The mountain rises in isolation northeast of the Colla di Casotto; at its summit, the watershed of the Tanaro converges with those of the Mongia and Corsaglia streams. The area is characterized by relatively rounded reliefs with gentle slopes; from the mountain's summit, a long ridge extends northward, separating the Val Corsaglia from the Valle Mongia, which then drops sharply north of Piano Stopè (1738 m). The Mongia/Tanaro ridge descends to the Colle di San Giacomo (1059 m), then rises again with the Bric Ciarandella.

In this area, during the 1970s, the ski facilities of Saint Gréé were developed.

On the western slope of Bric Mindino, the Casotto stream originates, while the Mongia stream begins on its northern slopes.

The mountain is accessible by a dirt road connecting it to the Colla di Casotto. At its highest point stands a monumental cross, 25 meters tall, made of metal, glass, and concrete, equipped with a powerful lighting system. This cross was inaugurated in 1969 at the initiative of the parish priest of Mindino, a hamlet of Garessio, in memory of the fallen of all wars. Due to its isolated position, the summit offers an extensive panorama that, under optimal visibility conditions, extends from Corsica to the Apennines and much of the Alpine arc.

== Access to the summit ==
Due to the beauty of the panorama and the ease of access from all sides, Bric Mindino is a popular hiking destination, especially at the start of the season or when more challenging routes are impractical for various reasons. On foot, the most well-known ascent route starts from the Colla di Casotto and follows partly a dirt road and partly a trail. The mountain can also be reached from the hamlet of Valcasotto (Pamparato) or, in just over three hours of walking, from Saint Gréé.

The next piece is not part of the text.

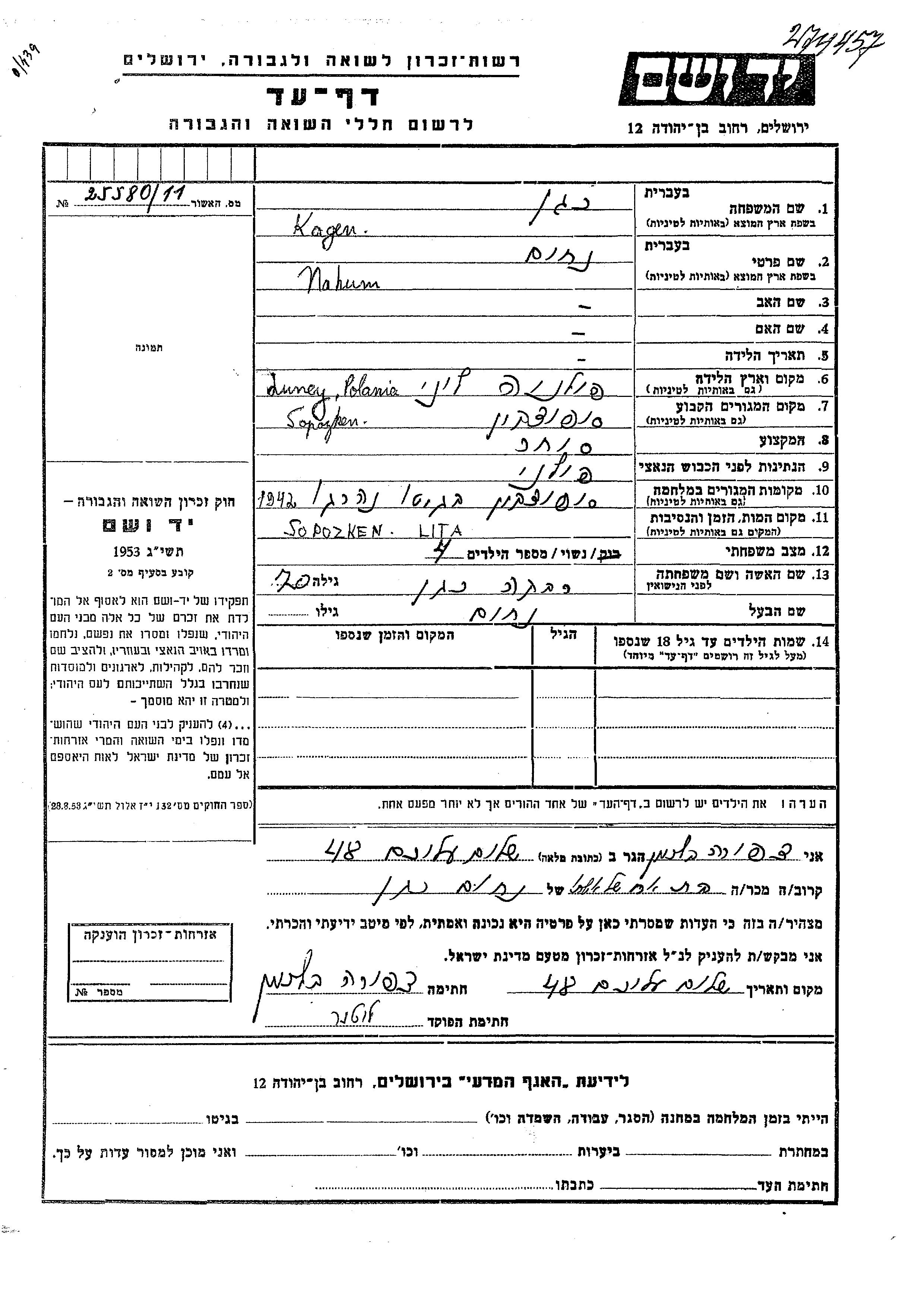 Yad Vashem - Pages of Testimony Names Memorial Collection
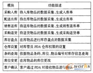 根據(jù)上述設(shè)計(jì)的方案,WMS系統(tǒng)的PC應(yīng)用程序?qū)崿F(xiàn)的功能如表2所示,PDA應(yīng)用程序?qū)崿F(xiàn)的功能如表3所示。

Bric Mindino can also be accessed by mountain bike; in addition to the routes from Colla di Casotto and Viola-Saint Gréé, it is also possible to ascend from Garessio.

The winter ascent with snowshoes from Colla di Casotto is considered, due to its ease of access and absence of dangers, a suitable outing for those trying this form of hiking for the first time.

== Environment ==
Bric Mindino, together with Monte Galero, forms the southeastern boundary of the Alpine range of the "black grouse" or "rock ptarmigan".

== Bibliography ==

- "Cartografia ufficiale italiana in scala 1:25.000 e 1:100.000"
- "Carta dei sentieri e stradale scala 1:25.000 n. 22 Mondovì Val Ellero Val Maudagna Val Corsaglia Val Casotto"
- "Carta in scala 1:50.000 n. 8 Alpi Marittime e Liguri"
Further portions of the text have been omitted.